Buying clothes for a growing baby is a bit challenging for many new parents because none of the sizes printed on the labels correspond to the baby's actual age. Particularly if the baby was large at birth (9 pounds or more), you might have to skip the 0 to 3 months clothing right from the start and go directly to a 3 to 6 month wardrobe.

A basic layette consists of a half dozen undershirts and onesies, non-flammable sleepers/rompers (with covered feet), a couple of gowns, at least four pairs of socks or booties, a couple of sweaters, a light jacket, pants/tops, 2 hats or bonnets (knitted for winter; brimmed for summer), 4-6 receiving blankets, buntings and snowsuits (for colder climates) and absorbent bibs.

After you have your basic layette, you should be okay for at least a few weeks.

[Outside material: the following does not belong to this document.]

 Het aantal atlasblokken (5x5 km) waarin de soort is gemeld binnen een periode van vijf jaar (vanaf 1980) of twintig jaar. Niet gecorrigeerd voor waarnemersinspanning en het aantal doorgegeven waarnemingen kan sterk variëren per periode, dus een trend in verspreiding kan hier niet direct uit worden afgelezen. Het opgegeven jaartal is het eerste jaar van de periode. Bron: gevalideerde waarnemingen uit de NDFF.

What to buy after that time depends mainly on your baby's growth spurts and also your budget. Not everyone can afford to buy brand-new clothes every few weeks. If your baby is progressing as most do, you should expect to buy larger sizes of clothing (including diapers) every few months. Buying even 9 to 12 month sized clothes on clearance when your baby is only three months old can save you a lot of money.

You will want to buy clothes for both playtime and for special occasions. When it comes to fancy and frilly special-event outfits for baby girls, make sure the material isn't scratchy and that it doesn't get in the way of regular activities.

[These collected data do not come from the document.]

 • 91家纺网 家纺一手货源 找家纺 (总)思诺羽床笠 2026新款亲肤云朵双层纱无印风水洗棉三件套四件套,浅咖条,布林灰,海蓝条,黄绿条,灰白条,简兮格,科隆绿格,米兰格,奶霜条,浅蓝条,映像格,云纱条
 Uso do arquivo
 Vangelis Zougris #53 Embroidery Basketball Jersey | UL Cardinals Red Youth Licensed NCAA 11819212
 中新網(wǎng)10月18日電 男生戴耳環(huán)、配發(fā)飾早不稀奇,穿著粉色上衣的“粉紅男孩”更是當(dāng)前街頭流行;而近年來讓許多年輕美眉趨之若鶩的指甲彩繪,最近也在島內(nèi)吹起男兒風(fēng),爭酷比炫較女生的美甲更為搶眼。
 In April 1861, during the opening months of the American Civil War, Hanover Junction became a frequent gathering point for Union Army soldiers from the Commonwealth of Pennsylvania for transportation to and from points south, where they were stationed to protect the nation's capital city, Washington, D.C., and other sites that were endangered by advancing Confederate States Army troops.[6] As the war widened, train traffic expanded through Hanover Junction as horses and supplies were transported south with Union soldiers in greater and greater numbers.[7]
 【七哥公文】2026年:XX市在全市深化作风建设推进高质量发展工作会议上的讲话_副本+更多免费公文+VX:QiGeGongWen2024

You can buy as little or as much clothing as you like for your baby, and the choices are seemingly endless. But do bear in mind you will more than likely be flooded with cute babywear at your baby shower (as well as after the birth), since there's always an abundance of baby clothing given as gifts. If you want to buy your baby clothes before the birth try to opt for outfits in bigger sizes. Your new little one will grow an incredible amount in his or her first year, and babies generally aren't picky about what they wear as long as it's comfortable.

Make sure the baby clothes you buy say "machine washable" on the labels, because you'll have neither the time nor the energy to wash clothes by hand. As a general rule, you should always wash new clothes before dressing your baby in them. Not only does it clean them up after they've been hanging and handled in the stores, but it also makes them softer. Also, some say that washing first can help prevent skin rashes or irritation for babies with sensitive skin.

Once your children have outgrown their baby clothes, you can make a valuable contribution to society by donating your old baby clothes to various charities and organizations.